Scaling efficiency throughout the {hardware} spectrum

Whereas the efficiency beneficial properties in speech, animation, and video are clear, the trail to the NPU has traditionally been troublesome to unlock for builders, resulting from varied vendor-specific SDKs and complexities. By offering a streamlined workflow and cross platform assist, LiteRT permits builders to deploy superior fashions, from cell phones to industrial IoT and AI PCs, with out sacrificing efficiency or portability.

Cross-platform NPU assist

As highlighted within the latest Google AI Edge Gemma 4 weblog publish, LiteRT extends NPU acceleration past cellular, permitting you to deploy your fashions throughout a variety of {hardware} utilizing a single framework.
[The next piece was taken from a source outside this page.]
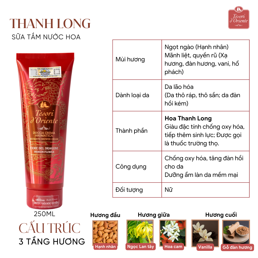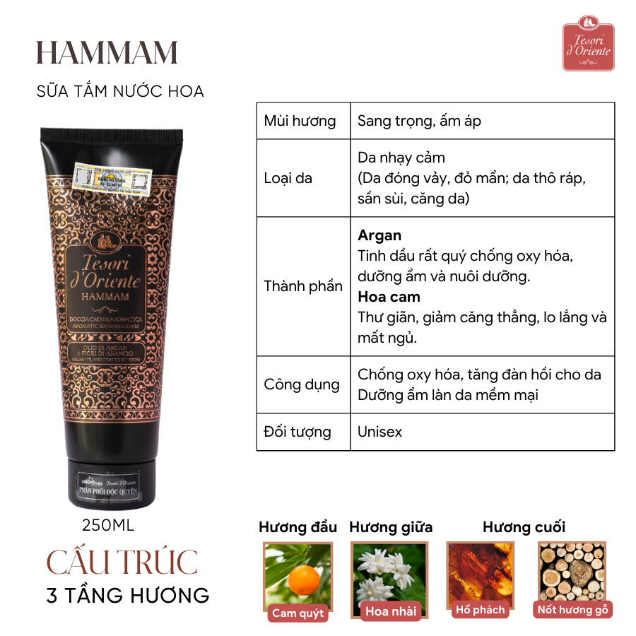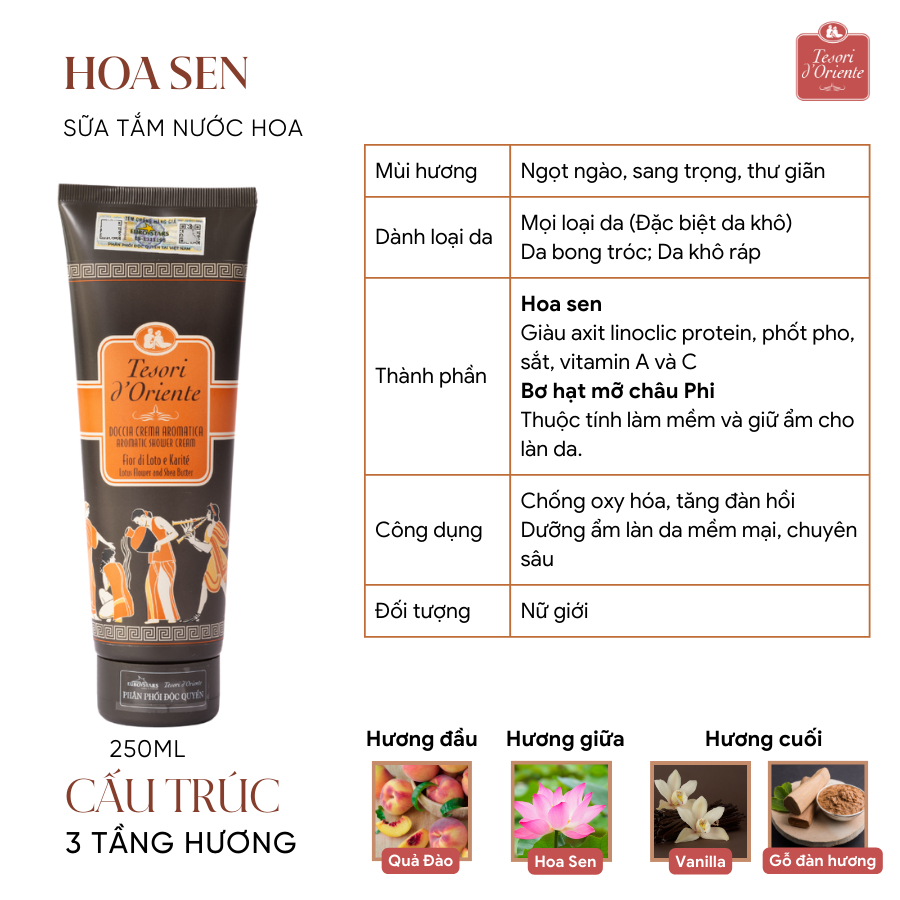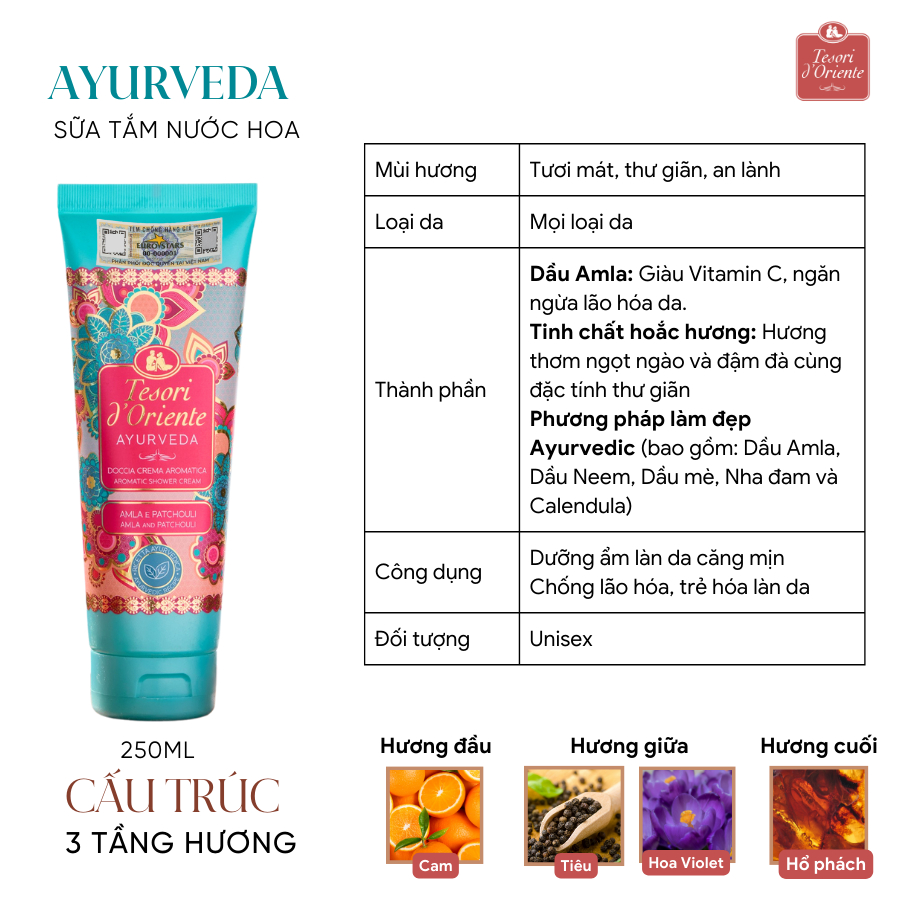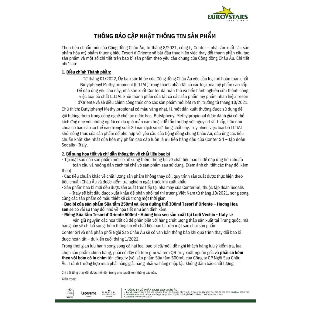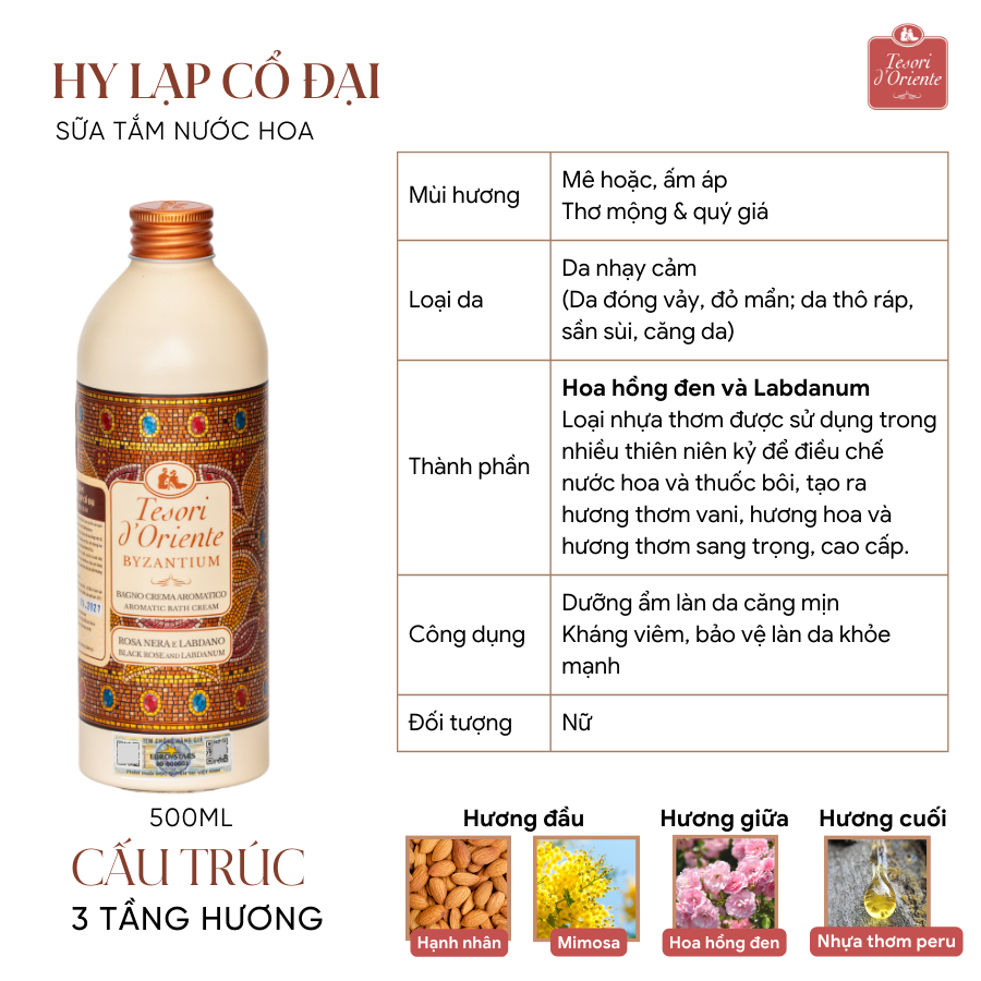 Sữa tắm nước hoa Tesori d'Oriente nhập khẩu chính hãng từ Ý 500ml/250ml/25ml - Dưỡng ẩm mịn da, lưu hương lâu đến 8H

For the commercial edge, LiteRT helps platforms just like the Qualcomm Dragonwing ™ IQ8 Sequence, which additionally powers Arduino VENTUNO Q, enabling high-reliability use circumstances like robotics and good manufacturing with fashions like Gemma 4. For desktop, LiteRT is making ready for AI PCs via OpenVINO™ integration with Intel® Core™ Extremely collection 2 and 3 processors, delivering important energy financial savings and responsiveness for native GenAI workloads.

Efficiency validation at scale

Google AI Edge Portal offers a benchmark service throughout 100+ of the preferred cell phones with insights on ML workloads throughout gadgets, accelerators and configurations. Builders can now make data-driven deployment selections, comparable to whether or not to make use of AOT or JIT, that greatest go well with their use circumstances and their goal gadgets. To make use of the most recent Portal NPU options, join our non-public preview right here.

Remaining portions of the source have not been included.